State Sen. Jim Holzapfel (R-10) announced plans to introduce legislation to prevent the use of COVID-19 vaccine passports in New Jersey that he believes could lead to discrimination against people based on their vaccination status. A similar bill will be introduced by 10th Legislative District Assemblymen Greg McGuckin and John Catalano. 

So-called vaccine passports are physical or electronic documents or credentials that could be used to demonstrate that an individual has been immunized against COVID-19. Opponents of the programs argue it could be used to prevent unvaccinated individuals from traveling, accessing public places or events, attending school, or working.

Murphy Open Minded

“In a free society that respects individual rights, we believe health decisions should be a personal, private choice that a patient doesn’t have to discuss with anyone but their doctor,” said Holzapfel in a press statement. “Our new legislation would prevent vaccine passports from being employed here in New Jersey.”

The planned introduction of the legislation comes as New York state will use the Excelsior Pass program which will allow people to prove their vaccination or COVID-19 status. It’s an idea that Gov. Phil Murphy said that he was open but expressed reservations when asked during a press briefing April 7

“I’ve been open-minded to it but I worry about the inequities that that brings, frankly,” said Murphy who referenced his uneasiness about government-issued IDs in the context of voting. “I think you got to be very careful about this. Now I’m not of the opinion that government, Big Brother getting into your life—that doesn’t bother me.” 

Privacy Rights

“Government in the right way —and we’ve seen a lot of this over the past year—the right kind of government is exactly what we need in a lot of situations, but I do worry about inequities.” added Murphy.

The opennesses to the passport program from the governor drew concerns from a frequent Murphy critic—State Sen. Michael Testa (R-1), who stated a passport would continue the “rapid erosion of individual privacy rights threatens the liberties and freedoms of every New Jersey resident.” 
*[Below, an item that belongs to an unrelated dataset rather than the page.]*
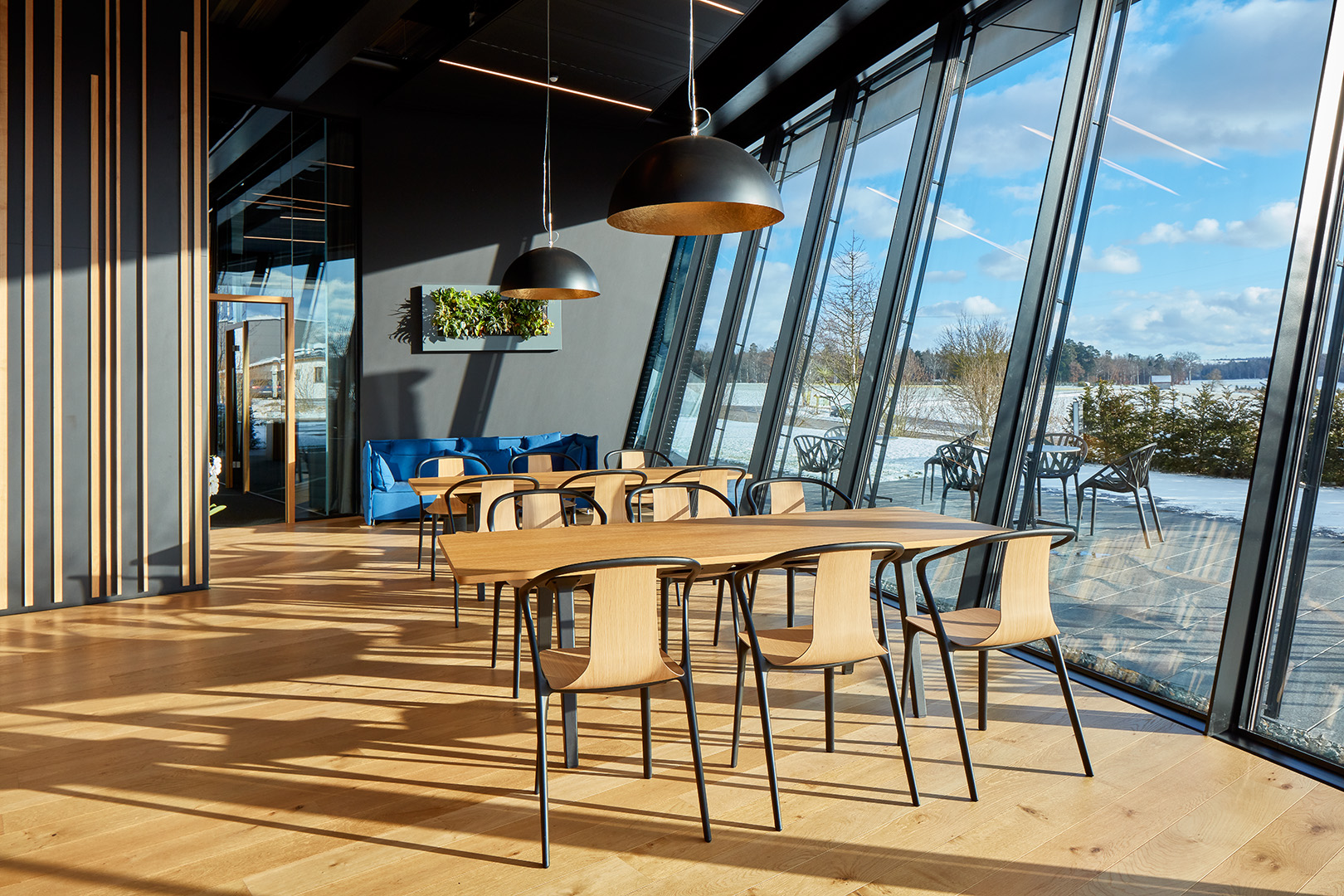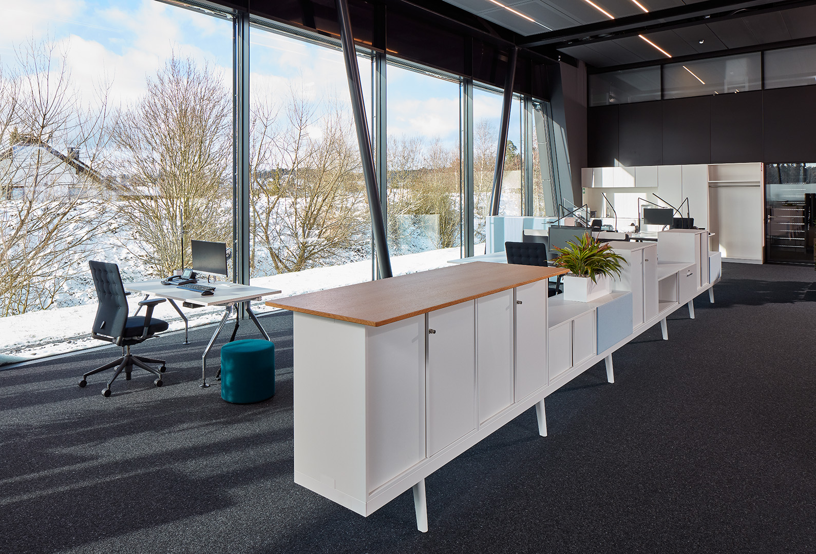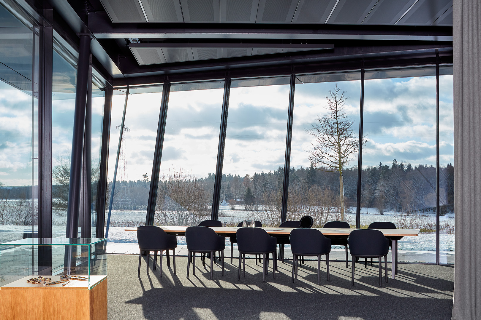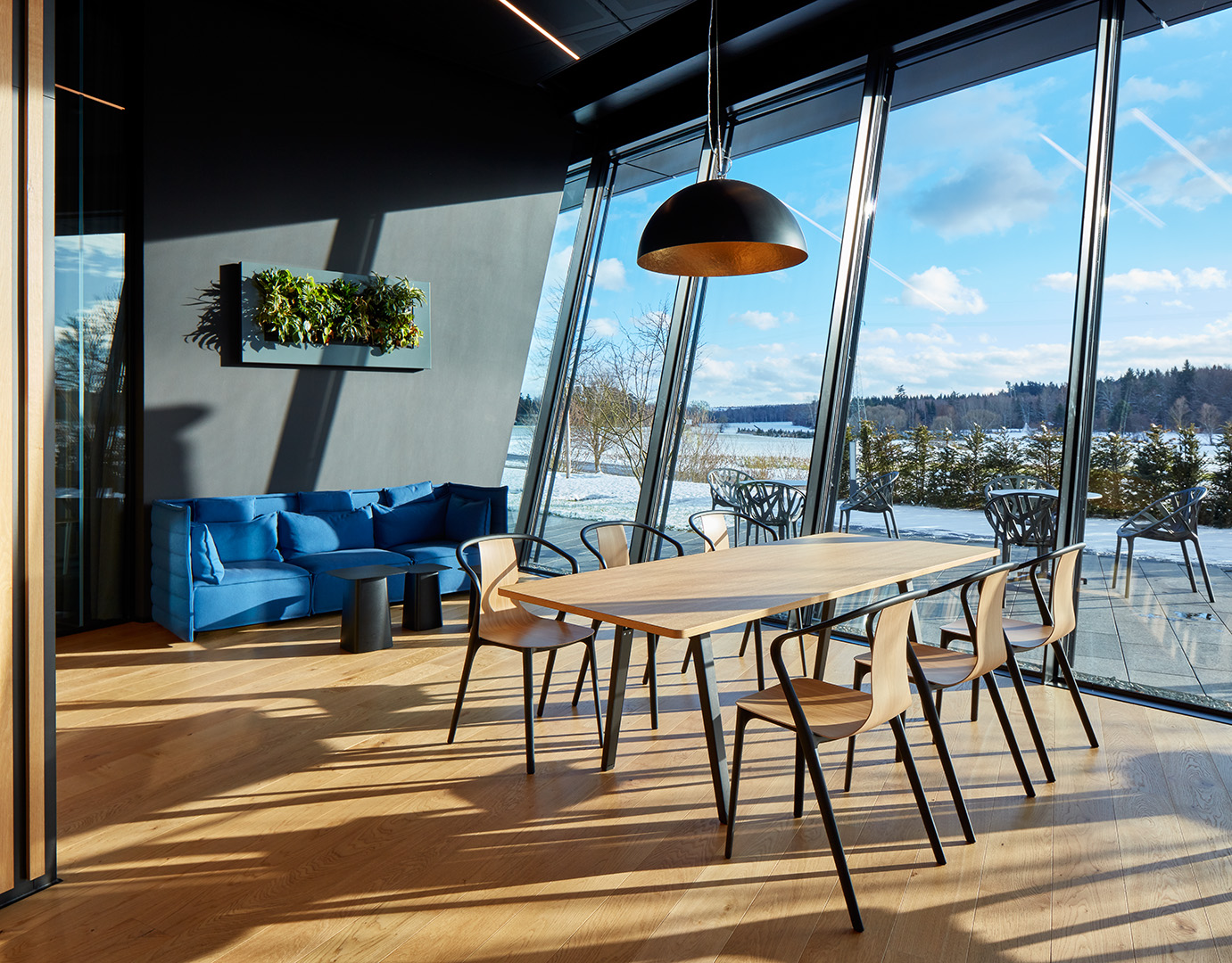 Manufacturer of the famous Steve Job's glasses, Apple CEO. "Constantly growing since its inception 26 years ago, the eyewear manufacturer had outgrown its premises and decided to build a new head office. As senior management wished to sit in the heart of things, the basic concept was an open-plan office layout. A workshop was organised together with Vitra in which issues were raised such as: where does the post arrive, where does it go to then; where and how are design and production coordinated; where are there meeting points for short discussions; where will the printers be; how will we create spaces for quiet retreat; how can we anticipate a rising number of employees etc. Based on the resulting answers and draft planning for lighting and acoustics, Lunor opted for a concept with open and semi-open areas, meeting points for short consultations, and – slightly apart – closed conference rooms. The finished layout is a future-oriented setting that is inspirational to employees. And as Lunor knows about the sustainable benefits of high-quality products from its own portfolio, the entire office was outfitted with Vitra furniture. Architecture: Schmelzle + Partner Architekten Hallwangen. " https://www.vitra.com/en-us/office/clients/details/lunor-ag
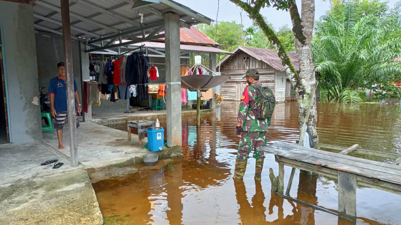 Palangka Raya, Senin (15/11/21) – Pelitakota.id Sertu Sugianto Babinsa Sei Gohong Koramil 1016-02/Bukit Batu melaksanakan pemantauan banjir yang terjadi di wilayah binaannya. Banjir terjadi di Jalan Gampung RT. 01 dan RT. 02 RW. 01 Kelurahan Sei Gohong, Kecamatan Bukit Batu, Kota Palangka Raya.

“No government entity should require their residents to carry a ‘Vaccine Passport’ around to gain access to schools, businesses, and their daily life,” said Testa. “There is a balance between protecting public health without violating American Constitutional rights. Time and time Governor Murphy has crossed the line and we must ensure he is barred from enacting ‘Vaccine Passports’.”

Planned Legislation

Holzapfel’s legislation will make it unlawful to ask a person if they have received a COVID-19 vaccination or require a person to display proof of vaccination to conduct any business; travelling to, outside, or within the state; participation in any governmental or political activity; admission or enrollment into a preschool program, elementary or secondary school, college, university, and any child or adult day care program; entrance into or service from any place of business, including any market, restaurant, or store; and admission and service at any amusement park, concert venue, theater, or sporting event.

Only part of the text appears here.